TO DO - Reproduce the listing word for word. Skip any image.

PROVIDED DATA -
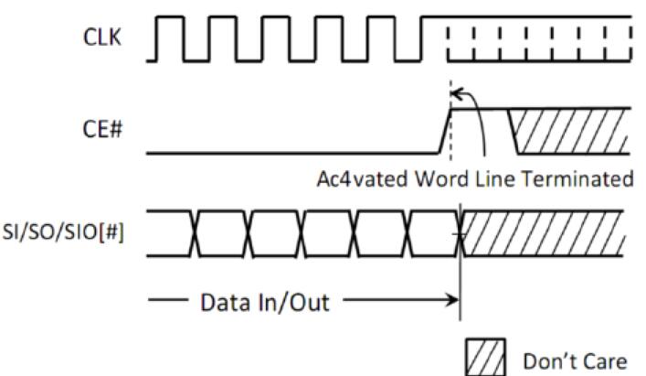 所有所有讀和寫都必須由CE#從低到高完成。CK#的上升沿是終止已激活的讀/寫字線并將設備設置為待機狀態(tài)的觸發(fā)器,否則將阻止內部刷新操作,直到設備看到讀/寫字線已終止,無需執(zhí)行命令終止操作僅適用于讀取和寫入操作以及任何命令操作,例如Enter Quad模式命令和Reset命令。
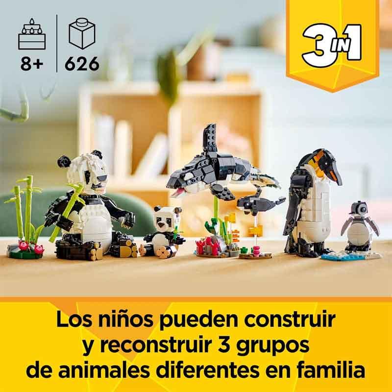 Los niños pueden construir cualquiera de 3 juegos LEGO de animales con los mismos ladrillos: una figura articulada de un panda con su cachorro al lado de tallos de bambú; una figura articulad a de una orca con su cría, que pueden exponerse juntas en bases transparentes; o un pingüino de juguete articulado con su polluelo en una zona de hielo y agua.
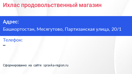 Ихлас, продовольственный магазин по адресу Башкортостан, Месягутово, Партизанская улица, 20/1 в дальнейшем Организация, размещена в следующих категориях:
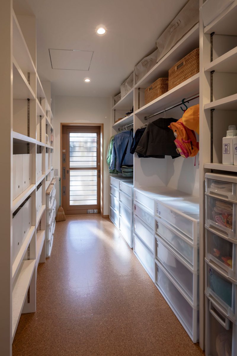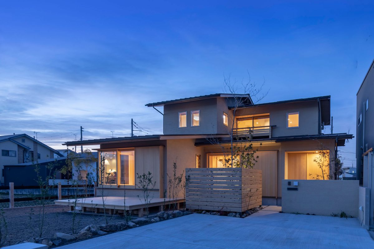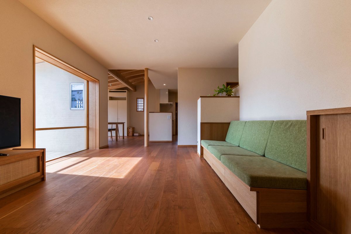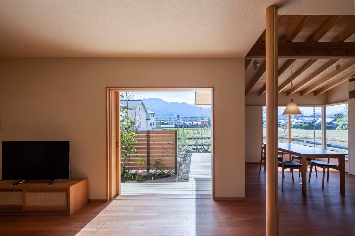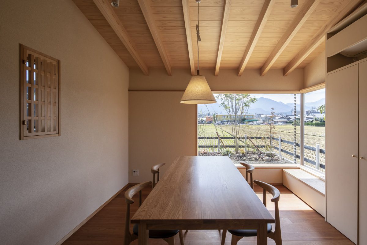 Design features offer the enjoyment of gradations ranging from open viewing to closed from sight: a glass door that appears virtually not there… a screen door centering the space, fitted with a low crossrail… shōji screens papered with see-through washi at upper portions only. From the single opening of the in-wall space where they can be stowed all give options for different ways to set off the space.

ANSWER AREA -
 所有所有讀和寫都必須由CE#從低到高完成。CK#的上升沿是終止已激活的讀/寫字線并將設備設置為待機狀態(tài)的觸發(fā)器,否則將阻止內部刷新操作,直到設備看到讀/寫字線已終止,無需執(zhí)行命令終止操作僅適用于讀取和寫入操作以及任何命令操作,例如Enter Quad模式命令和Reset命令。
 Los niños pueden construir cualquiera de 3 juegos LEGO de animales con los mismos ladrillos: una figura articulada de un panda con su cachorro al lado de tallos de bambú; una figura articulad a de una orca con su cría, que pueden exponerse juntas en bases transparentes; o un pingüino de juguete articulado con su polluelo en una zona de hielo y agua.
 Ихлас, продовольственный магазин по адресу Башкортостан, Месягутово, Партизанская улица, 20/1 в дальнейшем Организация, размещена в следующих категориях:
 Design features offer the enjoyment of gradations ranging from open viewing to closed from sight: a glass door that appears virtually not there… a screen door centering the space, fitted with a low crossrail… shōji screens papered with see-through washi at upper portions only. From the single opening of the in-wall space where they can be stowed all give options for different ways to set off the space.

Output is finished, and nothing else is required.